Category Archives: Life & Pastry

San Francisco Eats, Om Nom Nom

How do you work up an appetite in San Francisco?

You slam your coffee and get started by walking across the Golden Gate Bridge!

The earlier, the better — try to beat those hordes of clueless cycling tourists if you don’t wanna get run over!

I spent three awesome days in San Francisco last week — and, as one of those people who puts adventurous eating and traveling on pedestals of near-equal heights, hearing all the people I knew tell me, “Ohmigawd, San Francisco? You have to eat the food there!” only drove up my excitement and expectations!

So, where to start?

Two obvious stopping points for pastry aficionados: La Boulange (croissant bread pudding = must-try recommendation!) and Miette, a bakery that’s been on my list of “places to eat from before I die” for a long time.


My friend and I sampled Miette’s buttermilk panna cotta, chocolate pot de crème, lavender shortbread cookies, and their chocolate cupcake with strawberry Italian meringue buttercream.

The must-try recommendation: the cupcake — perfect, moist chocolate cake with fresh, flavourful buttercream. So good!
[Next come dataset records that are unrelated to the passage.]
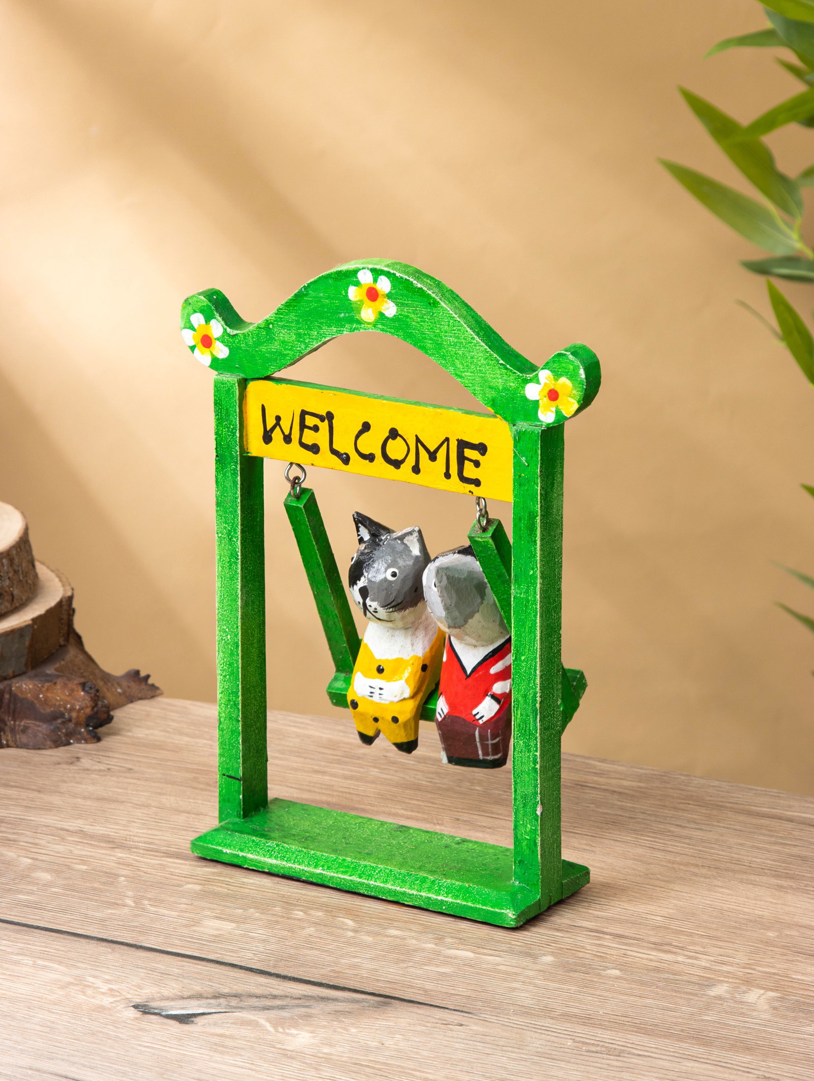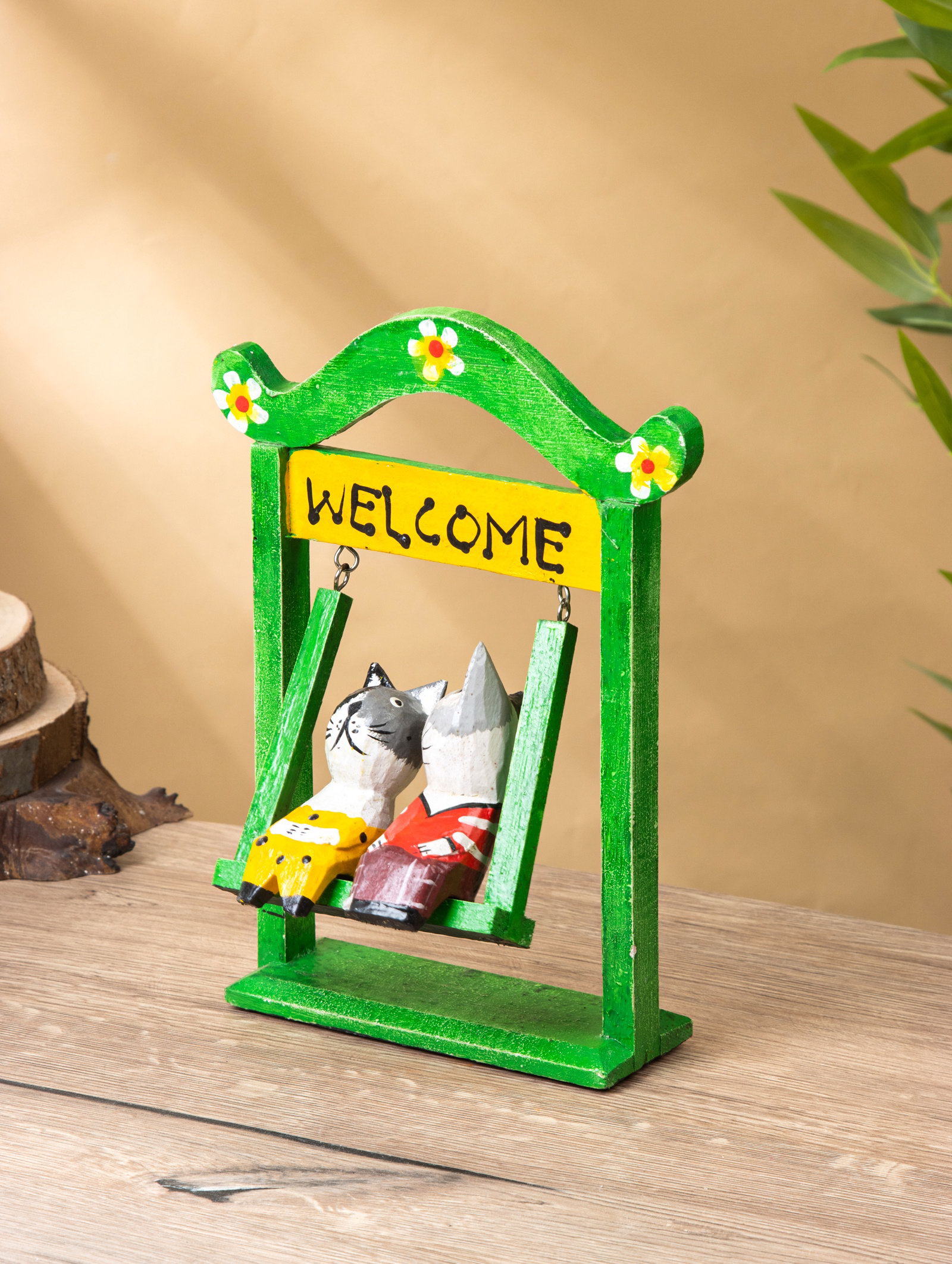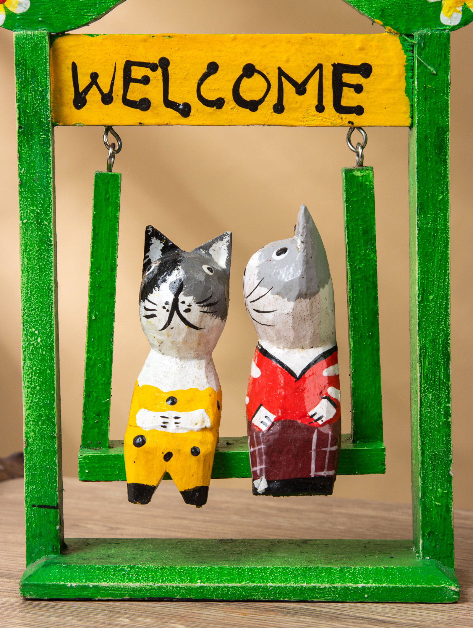 Сувенир интерьерный "Кошечки на качелях", 15x7x25 см, дерево, зелёный, 7x15x25 см., Индонезия
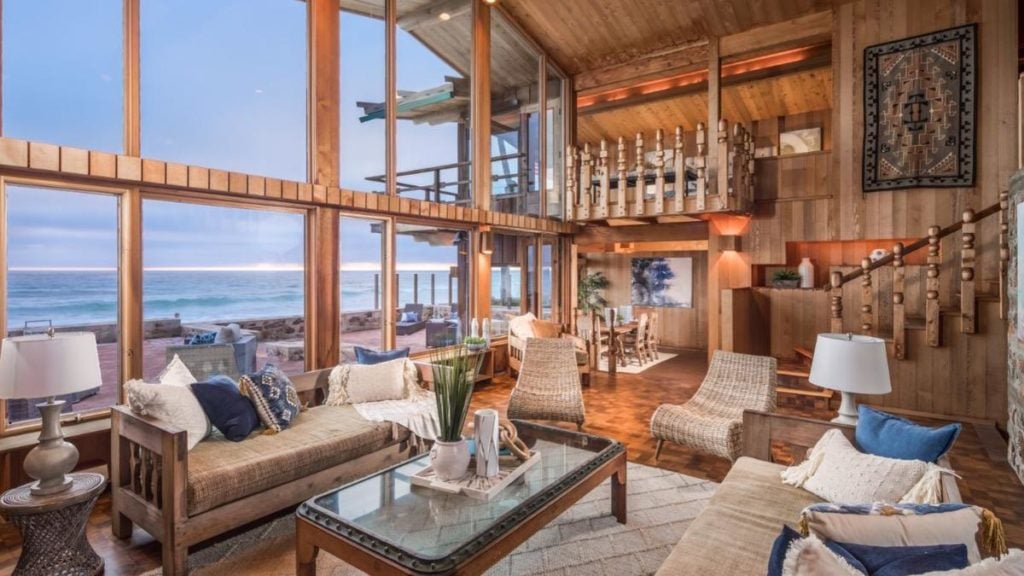 True to form, the Camino Del Mar residence is almost all exposed cedar and arbor and has massive windows to maximize the ocean view. The property sits on the beach and has a 60-foot oceanfront deck. Other features of the property include stained glass, stone masonry, a large courtyard and a pool and spa.
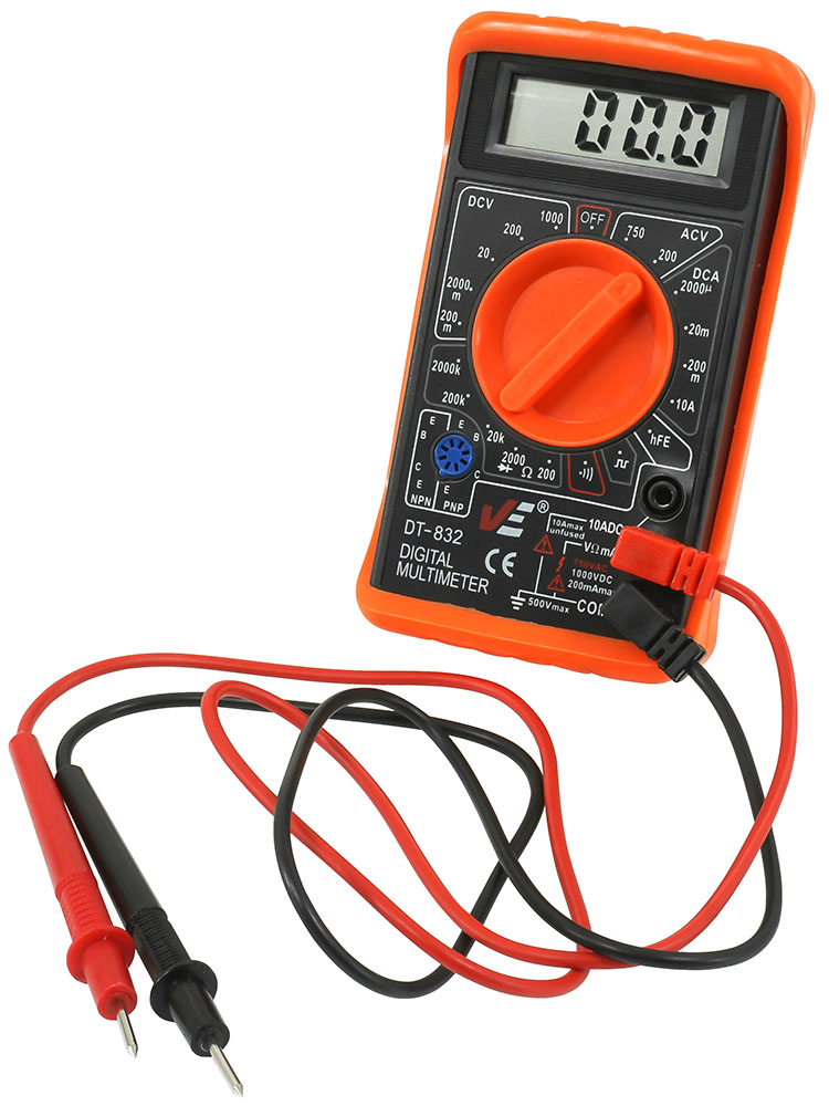 Ekranas: LCDMaitinimo šaltinis: 9 V, 6F22 baterijos (6RL61)Kintamosios srovės įtampos matavimas: A.C. 0 – 750 Vįtampos matavimas: D.C. 0 – 1000 VDC matavimas: D.C. 0 – 10 aAtsparumo matavimas: 0 – 2 MΩH Fe (tranzistoriaus sistemoje): 1 – 1000Grandinės tęstinumo testas: ~ 0 – 70 ΩDarbinė temperatūra: 0 ̊C iki 40 ̊CMatmenys: 126 x 70 x 24 mmSvoris: 170 g
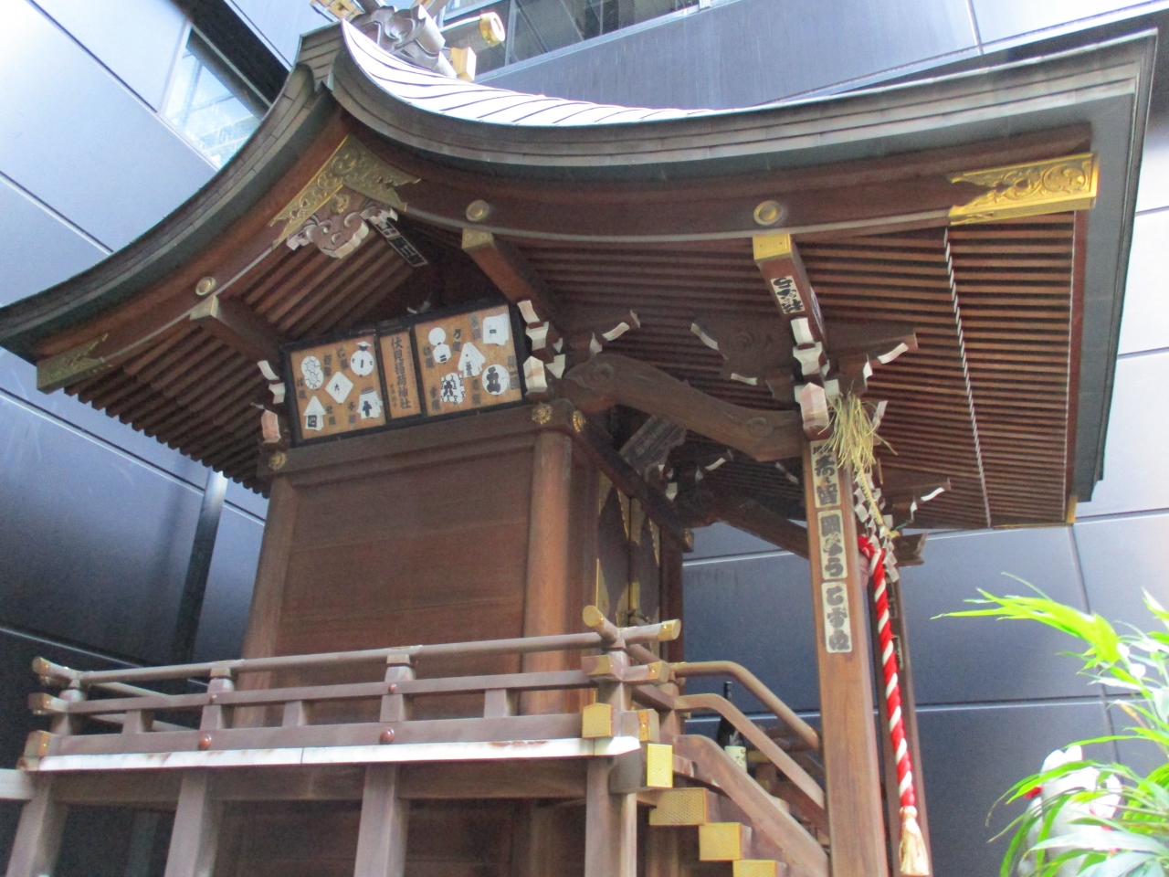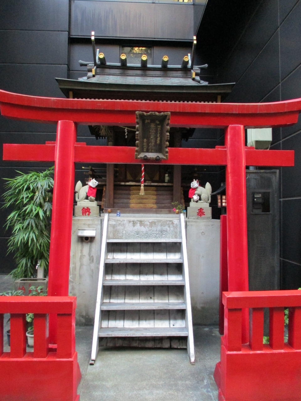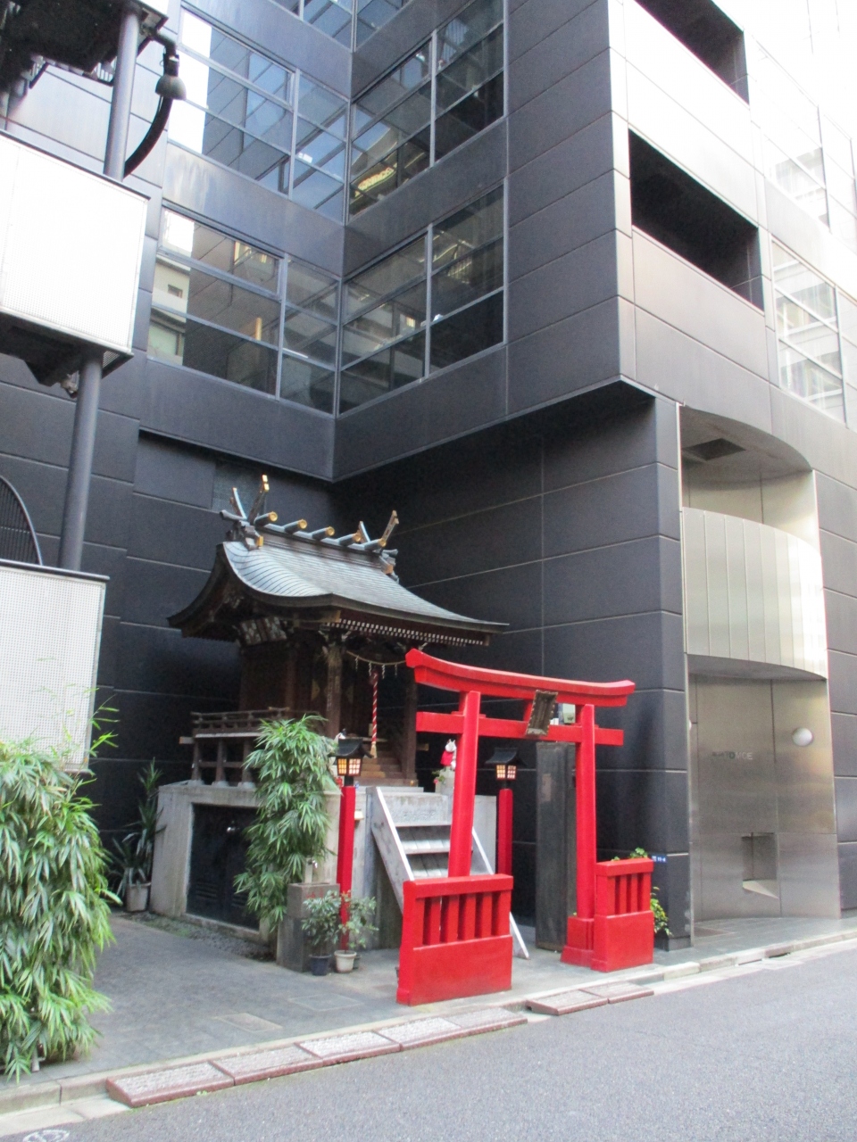 八重洲近辺を散策していた時に、ビルとビルに挟まれたわずかな場所に、あざやかな赤い鳥居が見えたので立ち寄ってみました。鳥居の扁額には伏見稲荷と書かれていましたが、由来書きなど見当たりませんでした。都会のほんとうに小さな稲荷神社でした。

Also, one more stand-out shop in the Ferry Building Marketplace (home to many local businesses, relatively tourist-free): the Cowgirl Creamery. They sell local and international organic cheeses, and ate the best damned grilled cheese I’ve ever had in my entire life from their cafe next door, the Cowgirl Creamery Sidekick.

Later that day I had another amazing food experience on Fillmore Street, close to the trendy Chestnut neighbourhood: Patxi’s Chicago Pizza.


Honestly, this was probably the most satisfying pizza I’ve ever dug into! I’d never eaten Chicago-style deep dish pizza before — was it ever amazing!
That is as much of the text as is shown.